Aim of the task ▸
If an entry below contains an image, drop the image and retype the rest exactly.

Saved data entries ▸
***

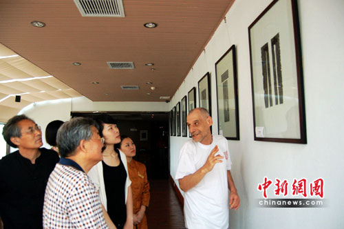 中新网武汉6月25日电 (记者 张芹) 25日,荷兰著名艺术家卡塞尔•格里茨携28幅版画作品亮相武汉。武汉知名书画家齐聚楚风堂艺术中心,出席画展开幕式。
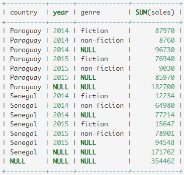 다음 예제에서는 genre, year, 또는 country 가 변경될 때마다 다른 최상위 요약 행이 추가됩니다:
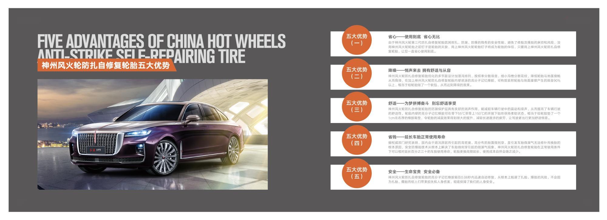 神州風(fēng)火輪智能防扎自修復(fù)輪胎介紹 隨著人們生活水平的不斷提高,汽車已經(jīng)進(jìn)入尋常百姓家庭成為各個(gè)家庭生活當(dāng)中必不可少的代步工具。在大家享受著汽車帶給我們出行便利的同時(shí),也往往因?yàn)槲覀儗σ恍┎考暮鲆晫?dǎo)致一些煩惱和意外的發(fā)生。輪胎作為汽車使用過程中不可或缺的重要組成部分,不僅承載著汽車的全部重量,同時(shí)也是駕駛舒適性和行駛安全性的基礎(chǔ)保障。輪胎安全是汽車行駛過程中的重中之重,行業(yè)中流傳著這樣一句話高速爆胎≈生命報(bào)廢,所以說高速爆胎是危害駕乘安全的最大殺手。但大多數(shù)人對于輪胎的認(rèn)知度卻知之甚少,從而使扎胎爆胎以及由此引發(fā)的意外不斷的在我們身邊上演。據(jù)權(quán)威部門統(tǒng)計(jì)顯示,我國每年在高速公路上發(fā)生的交通事故多達(dá)30多萬起。在這30多萬起的交通事故中,其中76%以上與輪胎高速爆胎有關(guān),也就是說100起交通事故中就有76起和輪胎有關(guān)系,所以說輪胎安全不容小覷,輪胎安全升級勢在必行。
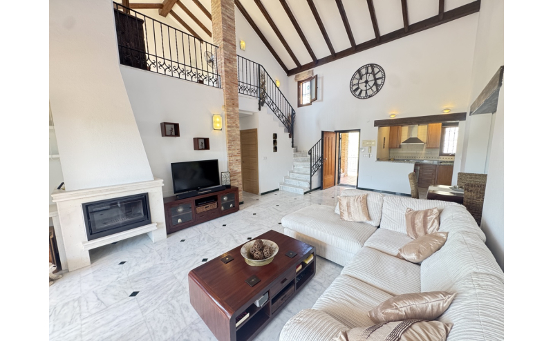 - Large open-plan living area, with high wooden beamed ceiling and plenty of natural light
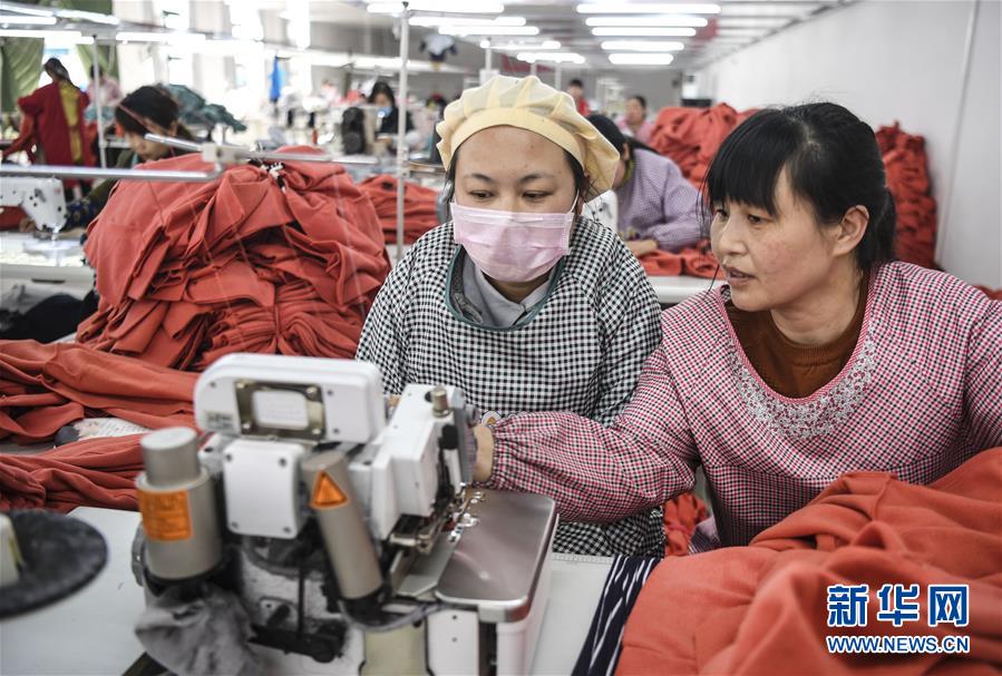 3月12日,洋县李家村移民搬迁集中安置点社区工厂——洋县绅宝利服饰公司加工班组组长彭旭侠(右)在向新员工传授缝纫技术。该公司吸纳了200余社区居民就业。 新华社记者 陶明 摄
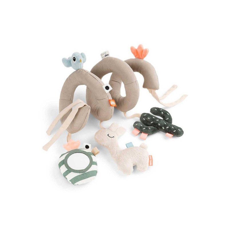 La espiral de actividad flexible se puede sujetar a la cuna, al asiento del coche, al cochecito o incluso al brazo de la mamá. Un entretenimiento perfecto para llevar.
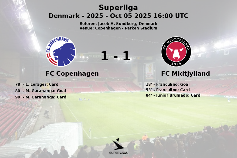 Copenhague, Danemark – Lors d’un match de la Superliga danoise disputé au Parken Stadium, le FC Copenhague et le FC Midtjylland ont fait match nul dans une rencontre tendue et riche en rebondissements. Le FC Midtjylland a pris l’avantage grâce à un but de Franculino à la 18e minute, sur une passe décisive de P. Billing. Le FC Copenhague, dominant la possession du ballon avec 61%, a cherché avec insistance l’égalisation. Finalement, M. Garananga a réussi à égaliser à la 80e minute, sur une passe décisive de J. Larsson, déclenchant la joie des supporters locaux. Le match a été marqué par l’intensité, reflétée par les cartons jaunes distribués aux deux équipes et le carton rouge infligé à M. Garananga en fin de rencontre. Sur le plan statistique, le FC Copenhague a dépassé son rival en nombre total de tirs (16 contre 10) et de corners (7 contre 2), bien que l’efficacité des deux équipes devant le but ait été similaire, avec trois tirs cadrés pour chacune. Le match, arbitré par Jacob A. Sundberg, s’est terminé par un match nul qui a laissé un goût mitigé aux deux équipes.
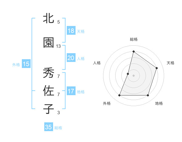 北園 秀佐子さんを姓名の画数から五運を鑑定
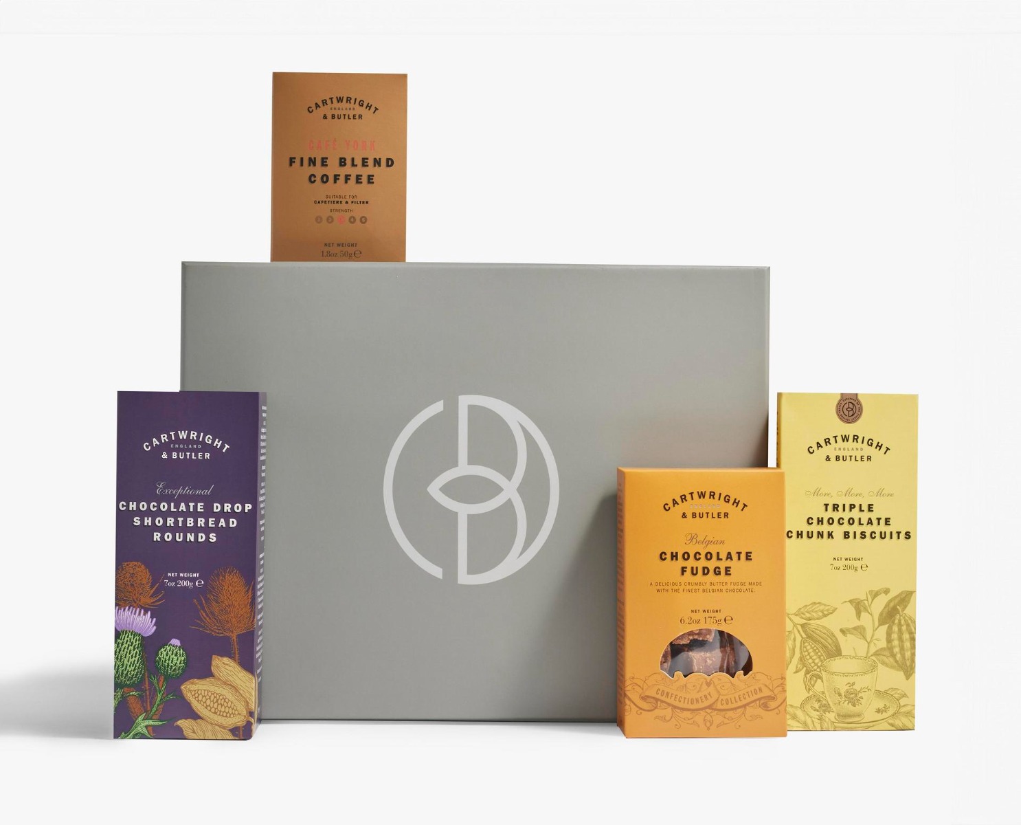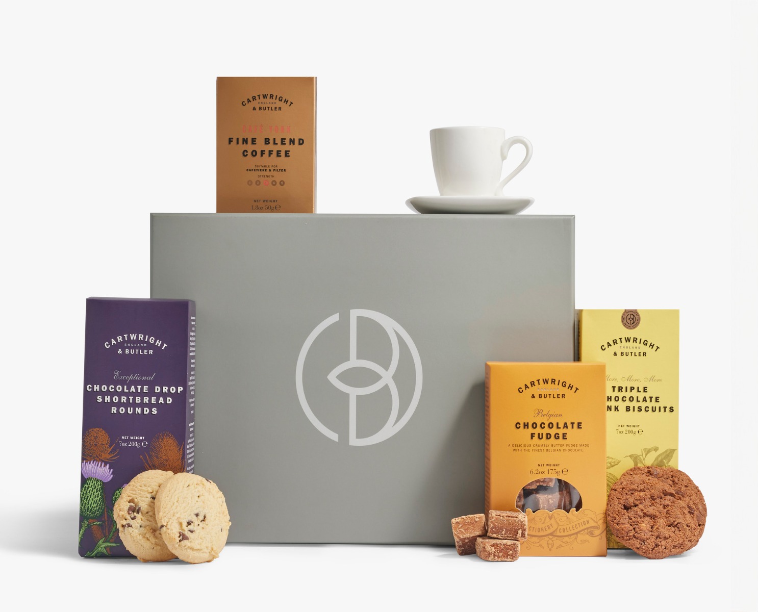 The Share a Treat Gift Set includes two of our best-selling biscuits, Triple Choc Chunk Biscuits and Chocolate Drop Shortbreads, as well as Belgian Chocolate Fudge and Café York Blend Coffee.
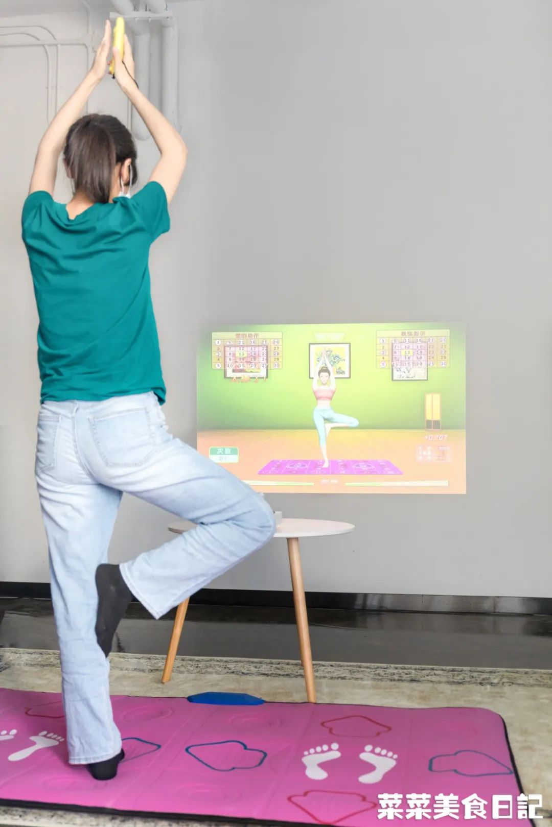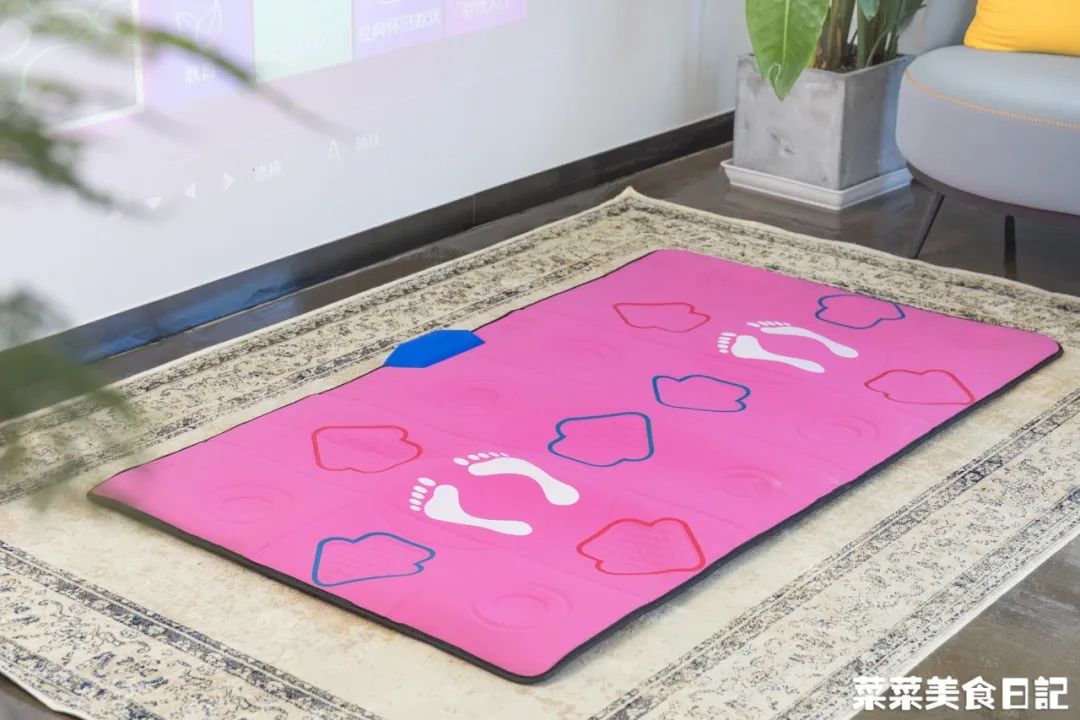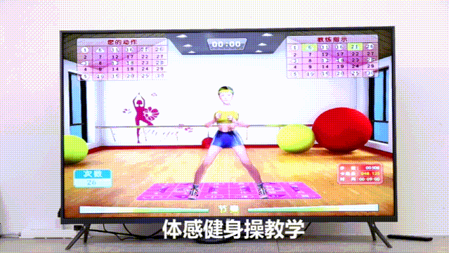 做健身操,配合体感毯的体感键,踩踏毯面箭头,“教练到家指导”!

***

Answer to the exercise ▸
 中新网武汉6月25日电 (记者 张芹) 25日,荷兰著名艺术家卡塞尔•格里茨携28幅版画作品亮相武汉。武汉知名书画家齐聚楚风堂艺术中心,出席画展开幕式。
 다음 예제에서는 genre, year, 또는 country 가 변경될 때마다 다른 최상위 요약 행이 추가됩니다:
 神州風(fēng)火輪智能防扎自修復(fù)輪胎介紹 隨著人們生活水平的不斷提高,汽車已經(jīng)進(jìn)入尋常百姓家庭成為各個(gè)家庭生活當(dāng)中必不可少的代步工具。在大家享受著汽車帶給我們出行便利的同時(shí),也往往因?yàn)槲覀儗σ恍┎考暮鲆晫?dǎo)致一些煩惱和意外的發(fā)生。輪胎作為汽車使用過程中不可或缺的重要組成部分,不僅承載著汽車的全部重量,同時(shí)也是駕駛舒適性和行駛安全性的基礎(chǔ)保障。輪胎安全是汽車行駛過程中的重中之重,行業(yè)中流傳著這樣一句話高速爆胎≈生命報(bào)廢,所以說高速爆胎是危害駕乘安全的最大殺手。但大多數(shù)人對于輪胎的認(rèn)知度卻知之甚少,從而使扎胎爆胎以及由此引發(fā)的意外不斷的在我們身邊上演。據(jù)權(quán)威部門統(tǒng)計(jì)顯示,我國每年在高速公路上發(fā)生的交通事故多達(dá)30多萬起。在這30多萬起的交通事故中,其中76%以上與輪胎高速爆胎有關(guān),也就是說100起交通事故中就有76起和輪胎有關(guān)系,所以說輪胎安全不容小覷,輪胎安全升級勢在必行。
 - Large open-plan living area, with high wooden beamed ceiling and plenty of natural light
 3月12日,洋县李家村移民搬迁集中安置点社区工厂——洋县绅宝利服饰公司加工班组组长彭旭侠(右)在向新员工传授缝纫技术。该公司吸纳了200余社区居民就业。 新华社记者 陶明 摄
 La espiral de actividad flexible se puede sujetar a la cuna, al asiento del coche, al cochecito o incluso al brazo de la mamá. Un entretenimiento perfecto para llevar.
 Copenhague, Danemark – Lors d’un match de la Superliga danoise disputé au Parken Stadium, le FC Copenhague et le FC Midtjylland ont fait match nul dans une rencontre tendue et riche en rebondissements. Le FC Midtjylland a pris l’avantage grâce à un but de Franculino à la 18e minute, sur une passe décisive de P. Billing. Le FC Copenhague, dominant la possession du ballon avec 61%, a cherché avec insistance l’égalisation. Finalement, M. Garananga a réussi à égaliser à la 80e minute, sur une passe décisive de J. Larsson, déclenchant la joie des supporters locaux. Le match a été marqué par l’intensité, reflétée par les cartons jaunes distribués aux deux équipes et le carton rouge infligé à M. Garananga en fin de rencontre. Sur le plan statistique, le FC Copenhague a dépassé son rival en nombre total de tirs (16 contre 10) et de corners (7 contre 2), bien que l’efficacité des deux équipes devant le but ait été similaire, avec trois tirs cadrés pour chacune. Le match, arbitré par Jacob A. Sundberg, s’est terminé par un match nul qui a laissé un goût mitigé aux deux équipes.
 北園 秀佐子さんを姓名の画数から五運を鑑定
 The Share a Treat Gift Set includes two of our best-selling biscuits, Triple Choc Chunk Biscuits and Chocolate Drop Shortbreads, as well as Belgian Chocolate Fudge and Café York Blend Coffee.
 做健身操,配合体感毯的体感键,踩踏毯面箭头,“教练到家指导”!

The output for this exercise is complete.